Representative micrographs show kidney morphology after UUO in different groups as indicated. (a) Images of PAS staining are shown. Scale bar, 50 μm. XL (10), XL-001 (10 mg/kg body weight); XL (20), XL-001 (20 mg/kg body weight). (b) Quantitative analyses of injured tubules in three groups as indicated. Kidney sections were subjected to PAS staining.
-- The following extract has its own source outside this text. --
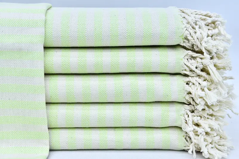 ターキッシュヘッドタオル コットン グリーン&ホワイト キッチン&ティータオル 24x40

At least 20 randomly selected fields were evaluated under X400 magnification and results were averaged for each mouse. *P < 0.05 versus sham controls. †P < 0.05 versus UUO alone.

4. Supplementary Figure S4.

XL-001 inhibits TGF-β1-induced signaling in vivo. (a) Representative micrographs show renal expressions of p-Smad3 in different groups as indicated. Paraffin-embedded kidney sections were stained with antibodies against p-Smad3. Arrow indicates positive staining. Scale bar, 50 μm. XL (10), XL-001 (10 mg/kg body weight); XL (20), XL-001 (20 mg/kg body weight). (b) Western blot analyses show renal levels of the p-p38, p-ERK, p-JNK and p-Smad3 in different groups as indicated. Numbers (1 to 3) indicate different individual animals in a given group. (c through f) Graphic presentations show the relative protein levels of p-p38 (c), p-ERK (d), p-JNK (e) and p-Smad3 (f) in different groups. †P < 0.05 versus UUO alone.